U.S. audit officials completed their first on-site inspection round of Chinese companies ahead of schedule, according to people familiar with the matter, a sign of progress in the closely watched process to prevent the delisting of hundreds of stocks from Alibaba Group Holding Ltd. to Yum China Holdings Inc.
Dozens of Public Company Accounting Oversight Board inspectors are set to leave Hong Kong as soon as this weekend, earlier than the original schedule of mid-November, said the people, who asked not to be identified because the information is private. The work has progressed despite requests from Chinese counterparts to redact certain information, the people added.
Chinese stocks in Hong Kong
"If the U.S.-China audit woes are resolved, indeed it will be a positive for stocks, especially ADRs and tech," said Hao Hong, a partner at Grow Investment Group. "This is the reason why they are doing well, despite a hawkish Fed and plunging U.S. stocks. The market often buys on hopes and sells on news."
Still, it's too early to determine whether Chinese firms will pass muster. PCAOB may file an initial report on key findings over the coming weeks, which could point out deficiencies or room for improvements in areas such as internal controls and record keeping, said the people.
The inspection got off to a tense start in September as Chinese officials asked to black out names, addresses and salary levels in company documents, people familiar with the matter have said.
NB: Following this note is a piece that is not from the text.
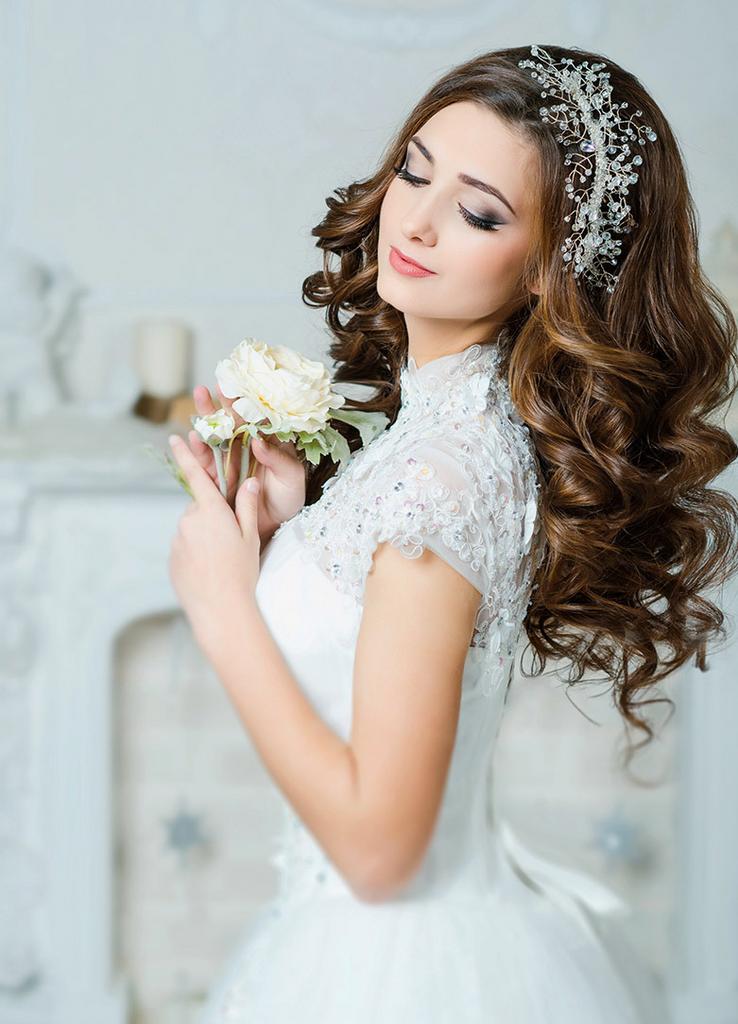 Не по-малко секси и в същото време чисто положени от едната страна къдрици. Те могат да бъдат украсени с малки цветя, венчелистчета, фиксирани върху косата с помощта на клипове.

The U.S. has said it will determine if the Chinese presence has hindered their access to audit papers and personnel, emphasizing they must have full access to documents without redactions.
A PCAOB spokesperson didn't respond to an email sent outside U.S. office hours. The China Securities Regulatory Commission didn't immediately respond to a request for a comment.
Officials of the CSRC and the PCAOB will continue online communications after the onsite check was completed, one of the people said.
Audit inspections of publicly traded firms in the U.S. were mandated by law in 2002, but China had long denied giving full access despite there being hundreds of listed Chinese firms worth more than a $1 trillion combined. The U.S. ratcheted up pressure with a new law in 2020 that threatened delistings, which forced a rare compromise by Beijing after years of insisting that allowing access to working papers could harm national security.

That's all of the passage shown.